However, once you're there, and students are making, building, experiencing life around them, the hours of preparation are forgotten. It's all about the eyes lighting up and the smiles filling the faces - and that's just on the adults! Watching the kids is way better! Their faces explode with excitement the gestures become huge and animated, and their voices boom with giddiness of their newfound knowledge!
Our fifth graders recently spent the night at the Perot Museum in Dallas. Highly recommended. None of us will ever be able to walk the crowded halls of any museum and wait to see something or to try an interactive exhibit. We are spoiled. Each hour brought the moans of having to move to another floor. Museum officials swept behind the groups gathering the stragglers who needed "just one more minute" to complete their experience!
That's highly engaged.
After the last sweep was done, sleeping bags were rolled out & the lights were down, that's when real learning happened for me.
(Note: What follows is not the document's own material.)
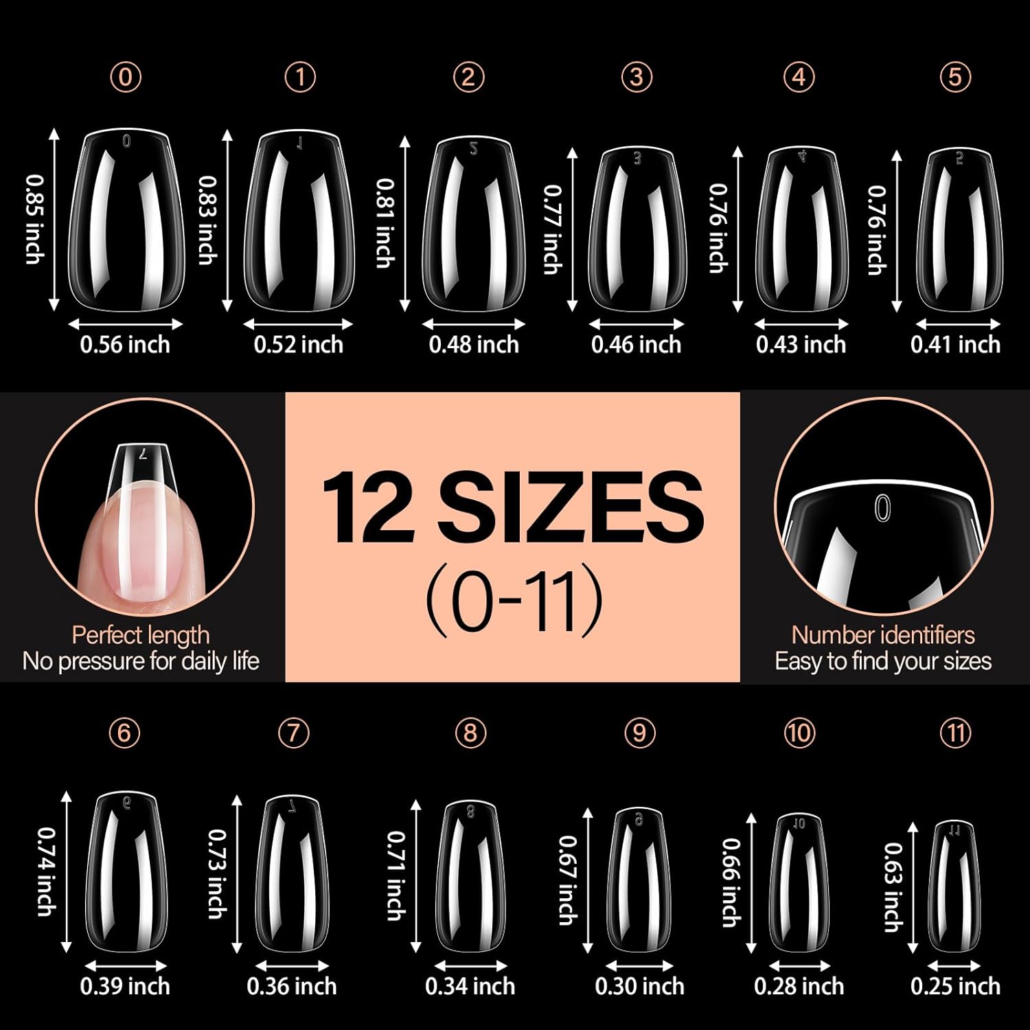 - Multiple Sizes Option: Our preshaped nail tips include 12 different sizes with each size 18pcs, totally 216pcs, providing you with more options to choose. For the extra sizes, they can be easily trimmed and shaped to suit your preferences, giving you the freedom to express your creativity, avoiding waste. Regarding the dispute about the length of full nail tips, everyone’s nail bed length is different. It is recommended to refer to the size chart when purchasing.

Walking the floor, stepping over the little wild things, listening to them breathe quietly- still & silent for the first time, that was awesome. Curled up in little balls in their sleeping bags, holding their favorite animal or hiding the blanket they didn't want their buddies to see, their innocence and potential revealed.
They were little sponges - deserving the best, expecting to conquer the world, ready for the next big thing.
How do we prepare them? What are we doing to build their confidence? How can we make sure we don't allow anything to stifle their creativity and enthusiasm? How do we protect them from drugs, alcohol and depression?
Maybe just planning a field trip isn't so daunting.
They were protected, at least for that one night, by the dinosaurs they could only envision from television, books, and their dreams.